Buoyed by the recovery, consumers will resume spending on high-end items at stores
Los Angeles, CA (PRWEB) July 14, 2012
The Department Stores industry has fought tough conditions over the five years to 2012, with revenue expected to decline at an average annual rate of 3.1% to $193.7 billion. Weak consumer confidence and low disposable income deterred households from making discretionary purchases during the recession, causing demand and sales to fall substantially for traditional department stores. Furthermore, says IBISWorld industry analyst Eben Jose, “In recent years, online retailers have emerged as a threat to industry players, stealing customers by offering convenience and low prices.” These poor conditions have caused profit to plummet. However, these same conditions have allowed discount department stores to thrive because their low prices catered to customers shopping on a budget. Recent improvements in economic conditions are expected to relieve some of the overall industry's struggles; revenue is estimated to grow a slight 1.2% in 2012.
Over the past five years, the conversion of discount department stores into big-box retailers (i.e. warehouse clubs and supercenters) has caused much of the industry's decline. Discount giants, such as Walmart and Target, have begun retrofitting stores with fresh grocery sections in order to expand their markets and attract more customers. This expansion, however, takes them into the Warehouse Clubs and Supercenters industry (IBISWorld industry report 45291), effectively reducing their market share in the Department Stores industry. “In addition to this change,” says Jose, “many operators have been forced out of the industry or have consolidated and merged with larger players.” As a result, over the five years to 2012, the number of companies is expected to decrease at an annualized rate of 31.8% to an estimated 65 operators. The recession is largely to blame for this sharp drop: According the US Census Bureau, the number of firms dropped from 138 in 2008 to 57 in 2009. The Department Stores industry currently has a very high level of concentration, with the major players – Walmart Stores Inc., Sears Holding Corporation, Macy’s Inc., Target Corporation and JCPenney Company Inc. – accounting for almost all of the industry’s revenue.

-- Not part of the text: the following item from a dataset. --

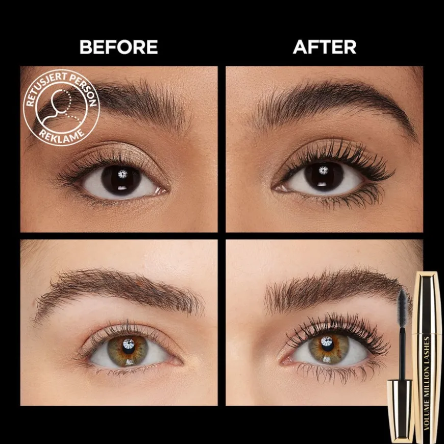 L’Oréal Paris Volume Million Lashes Mascara er en volummascara som skiller vippene for et perfekt resultat uten klumper! Den ikoniske gummibørsten når og skiller hver eneste hårstrå fra rot til tupp med sine korte og lange børstehår. Formelen er beriket med svarte pigmenter, kameliaolje og ekstrakt fra svart orkidé og føles myk på vippene dine. Bygg volum med flere lag, eller skap et naturlig utseende med et tynt lag. Hvilket utseende velger du i dag? La Million Lashes Mascara realisere det!

Continued economic recovery is forecast to aid the industry's growth in the five years to 2017. Armed with deeper pockets, consumers will likely increase spending on high-end discretionary items, such as those sold by traditional department stores. Additionally, discount department stores are expected to thrive because customers will continue to shop well within their budgets out of caution. IBISWorld expects that despite heavy online competition, industry revenue will increase over the five-year period. For more information, visit IBISWorld’s Department Stores in the US industry report page.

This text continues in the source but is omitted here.